● **Work instruction**: Only the pictures should be left out; repeat the rest of the data exactly.

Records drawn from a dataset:
_ _ _
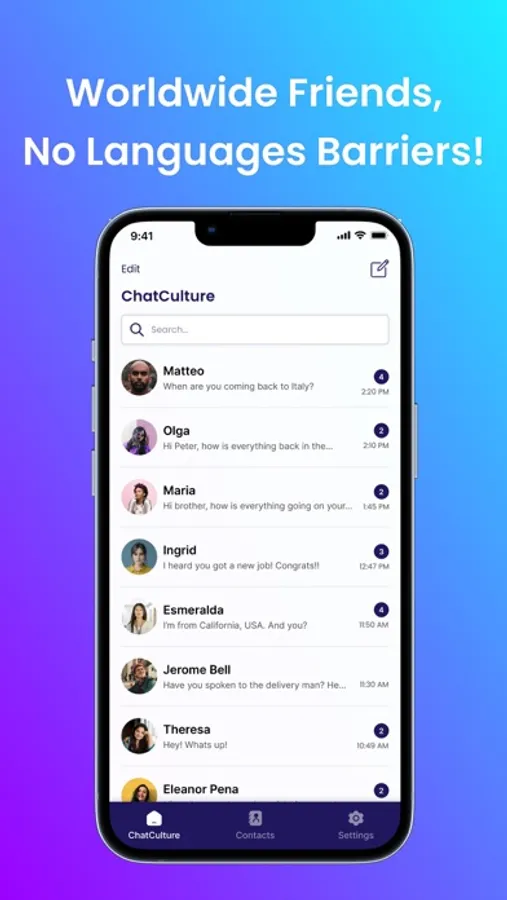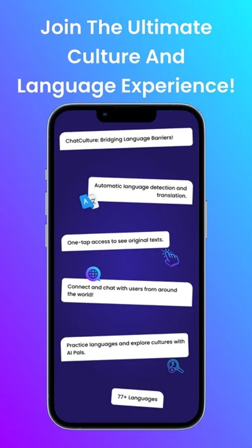 Connect Globally: Chat, send messages, and immerse in conversations across 77+ languages with ChatCulture. Perfect for travelers, learners, or anyone seeking to broaden their global connections. With our real-time translator, every message is understood.
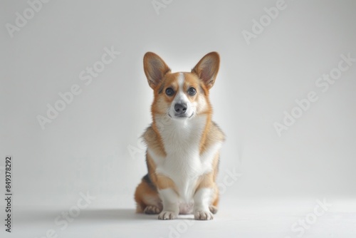 A brown and white dog sits on a white surface, ideal for pet-related or home decor contexts
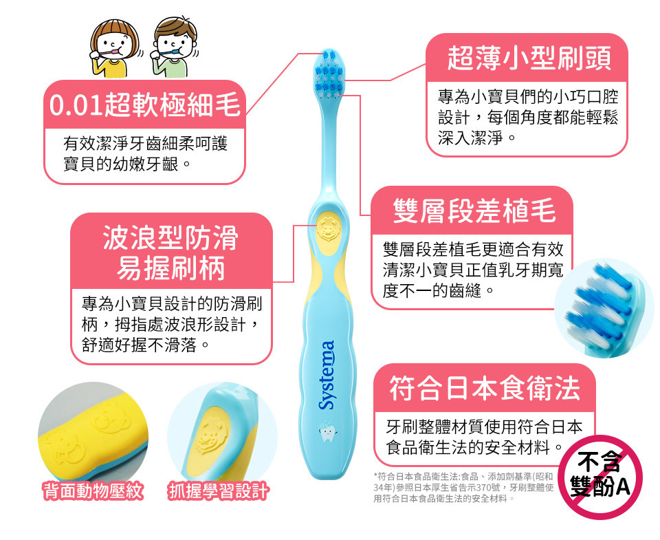 專為2至6歲正值乳牙期的小寶貝所設計的訓練牙刷,可全面清潔乳牙與較寬齒縫間的每個角落,保護好小寶貝的牙齒、牙齦,並幫助牙齒健康發育。
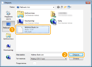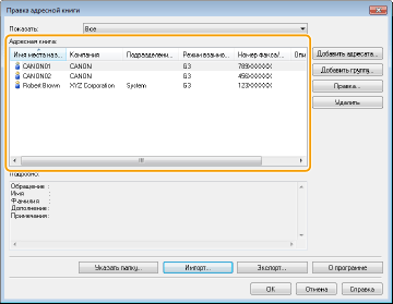 В аппарат можно импортировать адресную книгу в формате CSV, созданную в таких приложениях, как Microsoft Excel, либо экспортировать данные адресной книги в файл, который будет использоваться другими факсимильными аппаратами или приложениями. Устройство поддерживает файлы в двух форматах: CSV-файлы (*.csv) или файлы адресной книги Canon (*.abk).
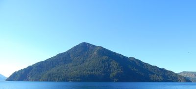 The mountain rises above Lake Crescent's north shore, reaching an elevation of 3,100 feet with a prominence of 700 feet.
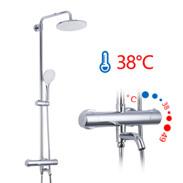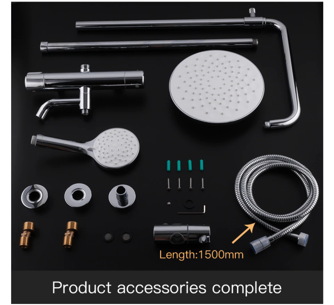термостатический картридж Yizhan; тропический душ (d 225 мм); душевой шланг; держатель для лейки; 3 режима работы лейки. Комплектация: душевая система, ручной душ, инструкция, гарантийный талон |
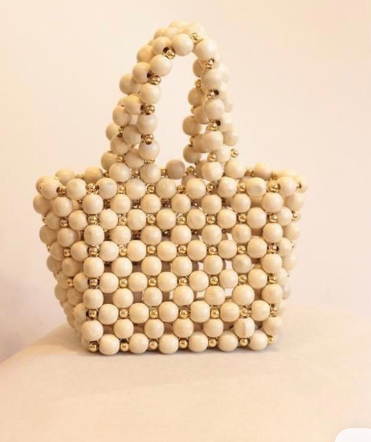Beyaz renkte, ahşap boncuklarla tasarlanmış bohem tarzda minimalist kadın çantası, günlük kullanıma uygundur.
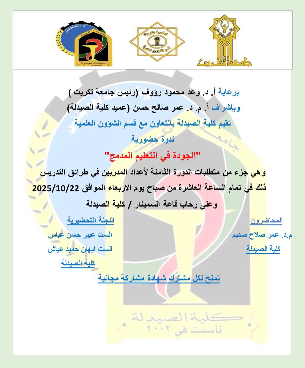 انطلقت صباح اليوم الاثنين الموافق 2025/10/27 في كلية الصيدلة – جامعة تكريت، أعمال الدورة التدريبية الحضورية...
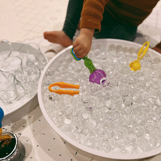 The first part of this invitation is letting the child explore and transfer the water beads to different size containers. As they transfer the water beads with the tools this provides opportunities for the refinement of hand-eye coordination and fine motor control. It allows a subtle and indirect preparation for writing by gently encouraging the hand to curl into the 'pincer grip' used for writing. Working with fine motor tools provides an engaging exercise which captures a child's attention and promotes attention to detail and sustained concentration. Transferring the waterbeads requires precise movement and helps in hand-eye coordination.
_ _ _
● **Task response**:
 Connect Globally: Chat, send messages, and immerse in conversations across 77+ languages with ChatCulture. Perfect for travelers, learners, or anyone seeking to broaden their global connections. With our real-time translator, every message is understood.
 A brown and white dog sits on a white surface, ideal for pet-related or home decor contexts
 專為2至6歲正值乳牙期的小寶貝所設計的訓練牙刷,可全面清潔乳牙與較寬齒縫間的每個角落,保護好小寶貝的牙齒、牙齦,並幫助牙齒健康發育。
 В аппарат можно импортировать адресную книгу в формате CSV, созданную в таких приложениях, как Microsoft Excel, либо экспортировать данные адресной книги в файл, который будет использоваться другими факсимильными аппаратами или приложениями. Устройство поддерживает файлы в двух форматах: CSV-файлы (*.csv) или файлы адресной книги Canon (*.abk).
 The mountain rises above Lake Crescent's north shore, reaching an elevation of 3,100 feet with a prominence of 700 feet.
термостатический картридж Yizhan; тропический душ (d 225 мм); душевой шланг; держатель для лейки; 3 режима работы лейки. Комплектация: душевая система, ручной душ, инструкция, гарантийный талон |
Beyaz renkte, ahşap boncuklarla tasarlanmış bohem tarzda minimalist kadın çantası, günlük kullanıma uygundur.
 انطلقت صباح اليوم الاثنين الموافق 2025/10/27 في كلية الصيدلة – جامعة تكريت، أعمال الدورة التدريبية الحضورية...
 The first part of this invitation is letting the child explore and transfer the water beads to different size containers. As they transfer the water beads with the tools this provides opportunities for the refinement of hand-eye coordination and fine motor control. It allows a subtle and indirect preparation for writing by gently encouraging the hand to curl into the 'pincer grip' used for writing. Working with fine motor tools provides an engaging exercise which captures a child's attention and promotes attention to detail and sustained concentration. Transferring the waterbeads requires precise movement and helps in hand-eye coordination.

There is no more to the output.